For centuries the Irish have emigrated all over the world and named many of the places where they settled after towns and districts back home. Sizeable contingents from the same county would often flock to a particular area with the result that generations later, many of their descendants would claim to feel a deep connection and identification with the ancestral homeland, even though most may have never visited there themselves.
It’s a fascinating and often under researched topic but one which is to be the subject of a forthcoming two-part documentary due to be aired on Tipp Mid West Radio when the connections between one such place in America and the Premier County are investigated.
Tipperary Hill is a district in the city of Syracuse, in Onondaga County in the state of New York. It’s located roughly 300 miles inland from both New York City and Boston. Simply put, Tipperary Hill is purported to have got its name because of the sheer amount of immigrants who had settled there by 1860, that came not just from Ireland, but from Co. Tipperary.

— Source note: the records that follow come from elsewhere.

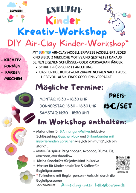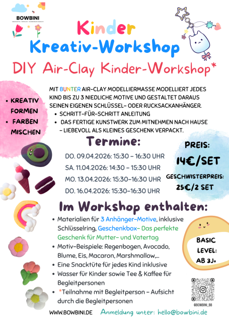 Im April wird es bei BOWBINI in Böblingen (bei Stuttgart) besonders kreativ. In unseren Kinder Kreativ-Workshops gestalten Kinder mit viel Freude ihre eigenen kleinen Kunstwerke. Von niedlichen Schlüsselanhängern aus Air-Clay Modelliermasse bis hin zu liebevollen DIY-Geschenken für Mama und Papa – jedes Kind kann seiner Fantasie freien Lauf lassen.
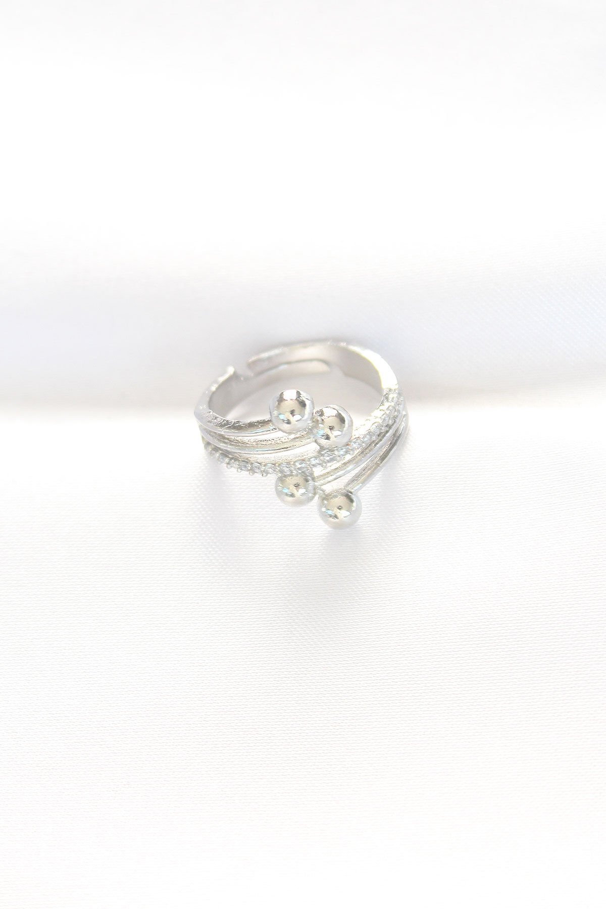 Topçuk Model Zirkon Taşlı Silver Renk Ayarlanabilir Yüzük
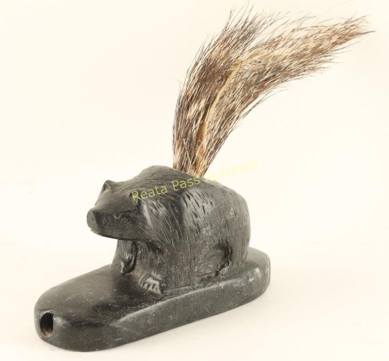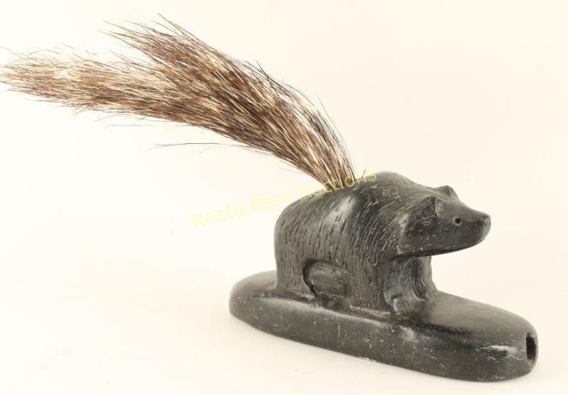 Carved setite bear sits on pipe platform. Javelina hair inserted into bowl of pipe.
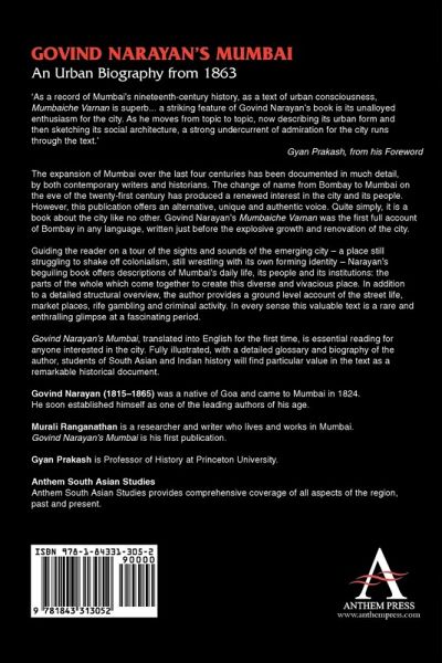 Govind Narayan (1815-1865) was one of the leading authors of his age, producing a series of original books that were principally designed to strengthen the moral fibre. Murali Ranganathan lives and works in Mumbai. After having worked in various jobs, Murali turned to research. 'Govind Narayan's Mumbai' is his first publication. Gyan Prakash is Professor of History at Princeton University.

Not surprisingly the majority of these immigrants arrived during the Famine, but the programme reveals that numbers also made the journey from Co. Tipperary during the Revolutionary War of the late 1700s and from 1817 onwards with the construction of the Erie Canal. Today, Tipperary Hill is a thriving community with many of its residents extremely conscious and proud of their district’s links to those who arrived from the Premier County. A large number of their descendants have also traced their ancestry back to particular areas with Cashel, Thurles and Upperchurch amongst the locations pinpointed by interviewees to the programme. One Tipperary Hill resident also speaks about being in contact with a cousin in Ballyporeen named Austin McLoughlin.
In addition to investigating with American contributors what drew these early settlers from Co. Tipperary to the Syracuse area and how they fared when they got there, historians Des Marnane from Tipperary Town and Seamus King in Cashel offer an insight into the kind of place Co. Tipperary was to live, during the first half of the 19th century when the bulk of the emigration was taking place. Des Marnane, well-known for his extensive research into the Famine, also provides some heart wrenching eviction and emigration figures pertinent to the county for the period.
The documentary also sheds light on the discrimination faced by the early Irish in the city of Syracuse and investigates the origins of the famous ‘Upside Down Traffic Light’ in Tipperary Hill, which many link to the ancient practice of stone throwing associated with the Premier County.
AIRING MONDAY 7th
Part one of this revealing documentary entitled ‘Conquering Tipperary Hill’ is due to be aired on Tipp Mid West Radio on Monday next, 7th November at 11.30am. Part two will be broadcast at the same time on the following week. The programmes can be heard outside the county on www.tippmidwestradio.com.